The High Court, therefore in this case concluded that, restriction of the amount of ITC on this ground, could not be sustained and required re-consideration.

 

B. ITC ON REVERSAL ON WASTAGE:

With regard to reversal of ITC claim on wastage under section 19(9) of the State Act, under which, there were2 issues namely invisible loss and visible loss, the respondent adopted a percentage of 5% and 1% respectively.

The correctness of adopting uniform percentage came up before this Court in the case of Interfit Techno Products Ltd. v.

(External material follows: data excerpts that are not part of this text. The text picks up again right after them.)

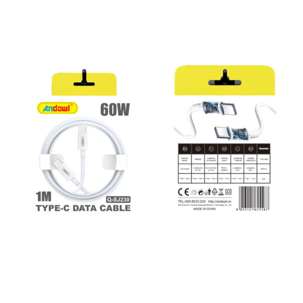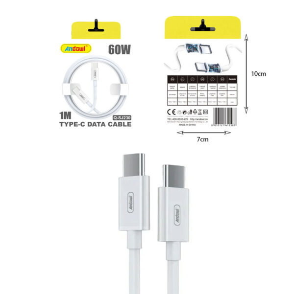 Andowl Q-SJ230 Καλώδιο γρήγορης φόρτισης TypeC 60W PD 1m Λευκό – Data Cable
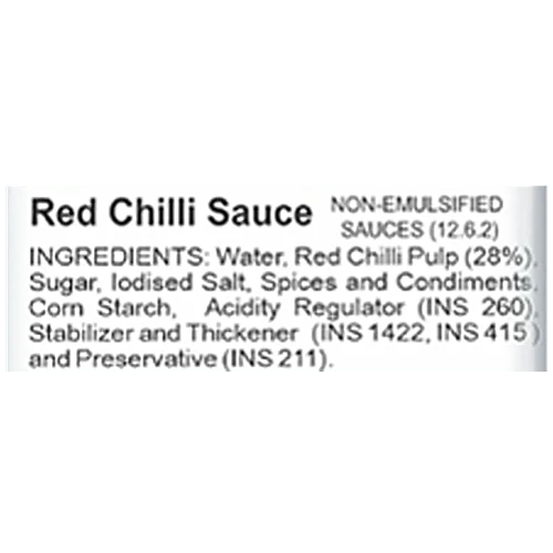 Water, Red Chilli, Garlic, Ginger, Salt, Corn Starch, Sugar, Acidity Regulator, Preservative, Stabiliser & Emulsifier.
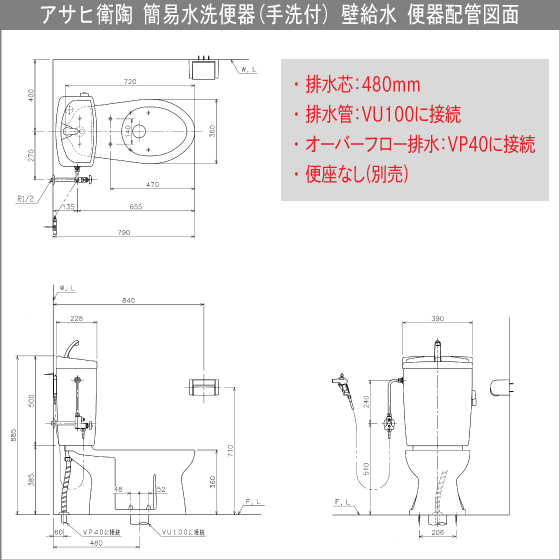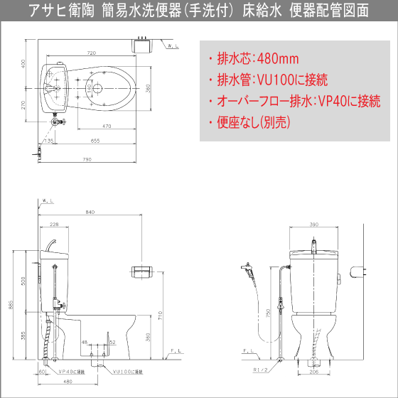 ★ アサヒ衛陶 簡易水洗便器 サンクリーン(手洗付) 便座なし ★

The Principal Secretary and Commissioner of CT [2015] wherein this Court issued certain directions as to how the AO should proceed to determine the invisible loss/visible loss, where were as follows:

It was not sufficient for a dealer claiming refund under section 18(2) to show that he had paid input tax on the goods purchased and that those goods were used in the manufacture and nothing more.

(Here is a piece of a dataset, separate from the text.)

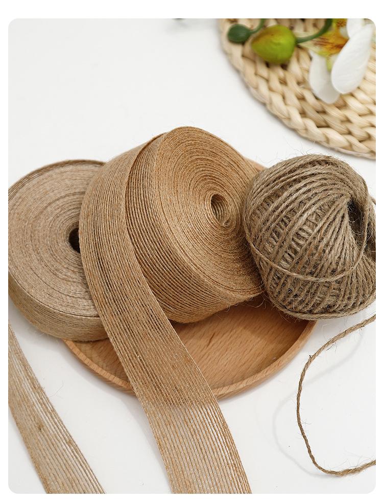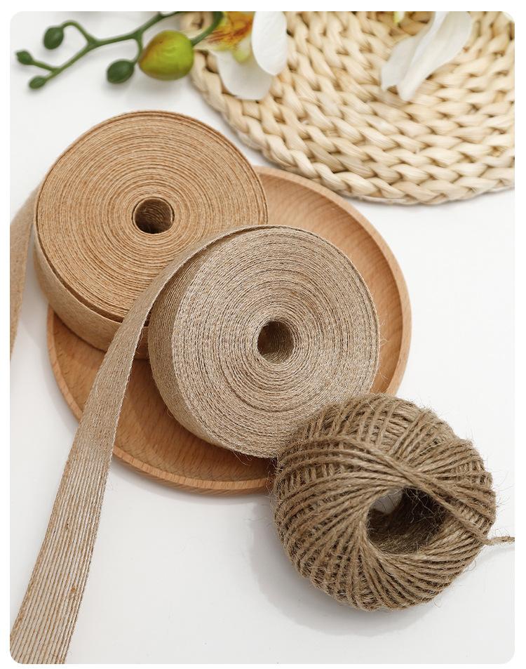 Cinta de cuerda de cáñamo vintage de color natural, algodón, cáñamo, seda, flor, caja de regalo, embalaje, cuerda de atar, rollo de tela de cáñamo creativo, cinturón decorativo DIY

There was also a duty upon the dealer to satisfy the AO that the claim was not hit by any of the restrictions or conditions contained under section 19 of the VAT Act.

In this regard, it was essential for the AO to embark upon the fact finding exercise to ascertain the quantum of loss of the goods which were purchased on which tax was paid vis-a-vis the goods manufactured from and out of the goods purchased and to examine as to whether they fell within any of the restrictions contained in Section 19 of the VAT Act.

The AO had to conduct an exercise by which it was to be ascertained as to whether the representation made by the dealer was justified and was not hit by any of the restrictions and conditions contained in Section 19 of the VAT Act.

It was held that the assessing authorities were not justified in adopting uniform percentage as invisible loss and calling upon the dealer to reverse the ITC availed of to that extent.

Consequently, all notices issued to the petitioner for reopening and all consequential order passed reversing the ITC to the extent of either 4% or 5% or on ad hoc percentage was set aside.

However, liberty was granted to the AO to issue appropriate show cause notices to the petitioners clearly setting out under what circumstances they proposed to call upon the petitioner to reverse refund sanctioned and after inviting objections proceed in accordance with law.

Therefore, to ascertain as to whether there was quantum of loss of goods, which were purchased, on which, tax was paid, the AO had to conduct an exercise, by which, he had to ascertain as to what would be the loss.

A uniform or ad hoc percentage cannot be adopted for this purpose.

To do so, it would be necessary for the AO to conduct an inspection of the place of business of the petitioner to acquaint himself with the manufacturing process.

However, since the respondent had adopted a uniform percentage, the same was incorrect and called for interference.

 

C. INELIGIBILITY TO CLAIM ITC ON GOODS:

 The restriction was made for the ineligibility to claim  ITC on goods was also dealt with in the aforesaid decision in Shri Ranganathar Valves (P.) Ltd.’s case (supra) in the following manner:

The issue here was that the respondent had rejected the claim for ITC on certain purchases effected on the ground that the commodities were not exported.

The petitioner’s case was that those products were used in the manufacture of other goods, which were exported, as specified under section 8(1) of the State Act and they were entitled to avail the ITC.

However, the petitioner had no opportunity to put forth their objections on the above head.

 

CONCLUSION:

ITC cannot be disallowed on the ground that the seller had not paid tax to the Government, when the purchaser is able to prove that the seller had collected tax and issued invoices to the purchaser.

To determine whether there was quantum of loss of goods for restricting ITC on wastages, which was purchased, on which, tax was paid, the Assessing Authorities have to conduct an exercise, by which, they can determine as to what would be the loss.  It is essentially required for the AO to conduct an inspection of the place of business of the petitioner to acquaint himself with the manufacturing process.

Also, when there is an ineligibility to claim of ITC on goods on the ground that the commodities were not exported, the petitioner should be provided of an opportunity to place their objections.